POSTED: December 2, 2018
Philosophy | Society

The moral vision of environmental sceptics

Richard Douglas introduces his new CUSP working paper, in which he uses ‘Listening Rhetoric’ to attend to the moral vision which environmental sceptics are keen to defend. The key to understanding their rejection of environmentalism—and doing more to counter the appeal of their arguments—lies in recognising their preoccupation with defending a moral vision of modernity, he argues.

The moral vision of environmental sceptics
CC-BY-NC-ND 2.0 :: James Vaughan / Flickr

There are a number of names for them—the ‘Green Backlash’, the ‘brownlash’, ‘anti-environmentalism’, the ‘environmental opposition’. Perhaps most popularly, they are ‘climate denialists’ or ‘climate contrarians’. They are environmentalism’s most explicit and implacable opponents. Think of figures such as Lord Lawson, Bjørn Lomborg (the self-styled ‘Skeptical Environmentalist’), and Myron Ebell (briefly head of the US Environmental Protection Agency in President Trump’s transitional team). Indeed, think of President Trump himself, probably the most famous climate change denier on the planet.

As recent reports on climate change (by the United Nations, the World Meteorological Society, and US National Climate Assessment) make clear, the stakes in this debate could hardly be higher. The outlook is not good: as the UN highlights, there is an ‘enormous gap between what we need to do and what we’re actually doing to prevent dangerous levels of climate change.’ Writing in the New Yorker, Bill McKibben comments on the influence which networks of right-wing think-tanks and commentators have had on preserving the carbon-intensive status quo which has taken us to this precipitous position. By arguing against the science of climate change, they have used their ‘power to slow us down precisely at the moment when we needed to speed up’.
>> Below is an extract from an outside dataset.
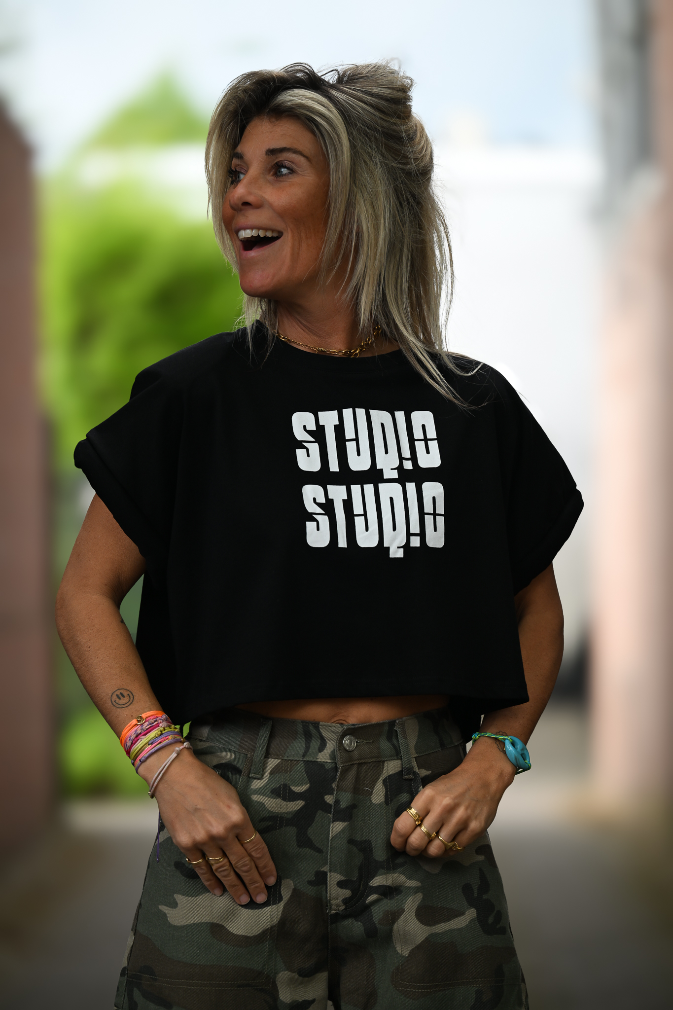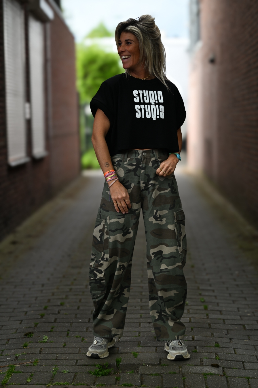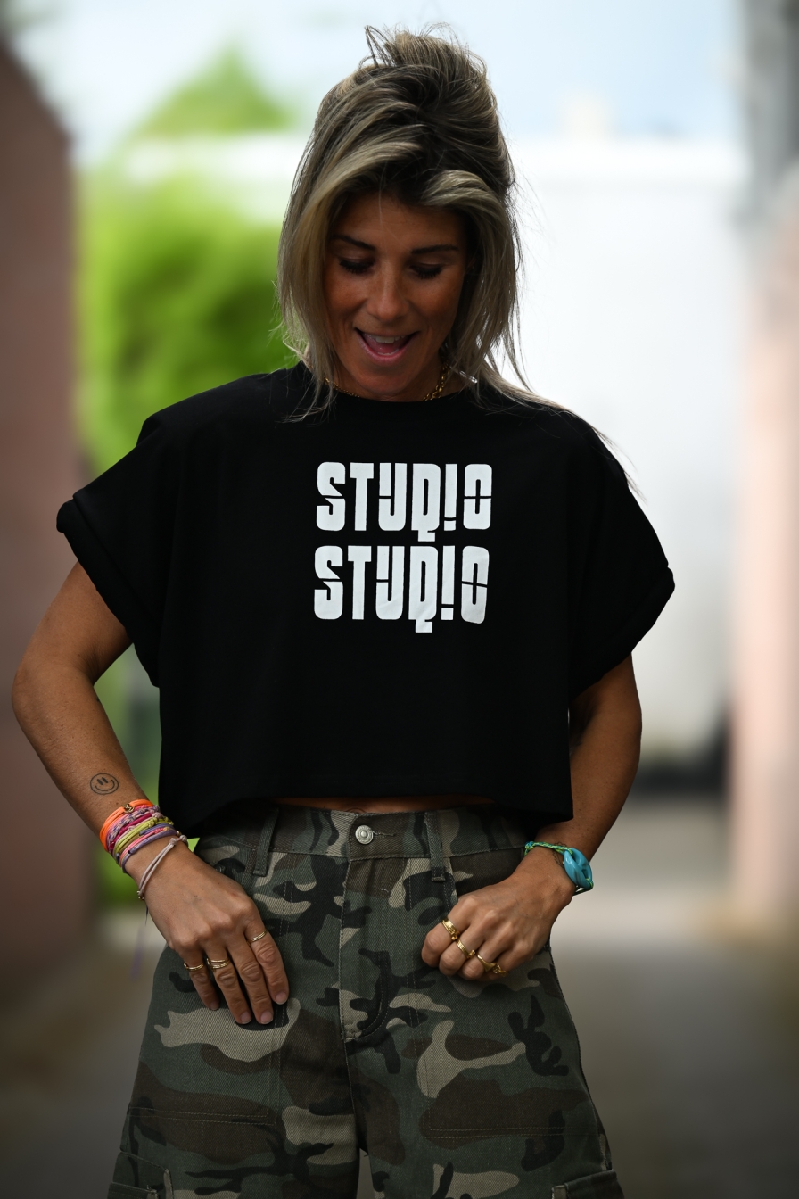 Gave cropped tee met “studio studio” op de voorkant, 100% katoen en met opgerolde kapmouwtjes. Let’s go!

What motivates these opponents of environmentalism? Why do they make this their cause? For many observers, the answer is obvious: here is a movement organised and funded by fossil fuel companies and other big polluters, with the aim of incapacitating government from taking measures which would harm their economic interests. A number of studies have highlighted the economic ties and political motivations of many of these figures, and the techniques they use to sow doubt about the findings of environmental science.
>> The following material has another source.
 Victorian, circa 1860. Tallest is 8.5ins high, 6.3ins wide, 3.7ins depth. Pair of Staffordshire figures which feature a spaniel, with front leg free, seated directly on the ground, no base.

But is this the full story? After all, some 63 million people voted Donald Trump for US President in 2016, despite his views on ‘that climate change bullshit’ being common knowledge. This is not to suggest that everyone who voted for Trump shared his views on climate change, or that this was the decisive reason why anyone voted for him. The point is more that his anti-environmentalist views were well known – and in this sense, that such a large number of people voted for him represents a mass (at least tacit) endorsement of the ‘acceptability’ of such views.

This is to say, opposition to environmentalism has become a feature of political ideology and the culture wars which have been spreading outwards from the United States in recent years. If there is to be a rapid acceleration in environmental policy-making, therefore—and as Marit Hammond argues, this is only conceivable through democratic means—this has to mean the development of political arguments that are capable of winning over hearts and minds on a mass scale.

This understanding informs the doctoral research in environmental politics and philosophical anthropology I am carrying out at Goldsmiths, University of London, and for the Centre for the Understanding of Sustainable Prosperity (CUSP). It is my contention in this work that the sentiments of environmentalism’s most partisan opponents are indicative, though in a peculiarly explicit form, of a sense of existential angst felt more popularly at the idea of imposing limits to the forward momentum of human progress.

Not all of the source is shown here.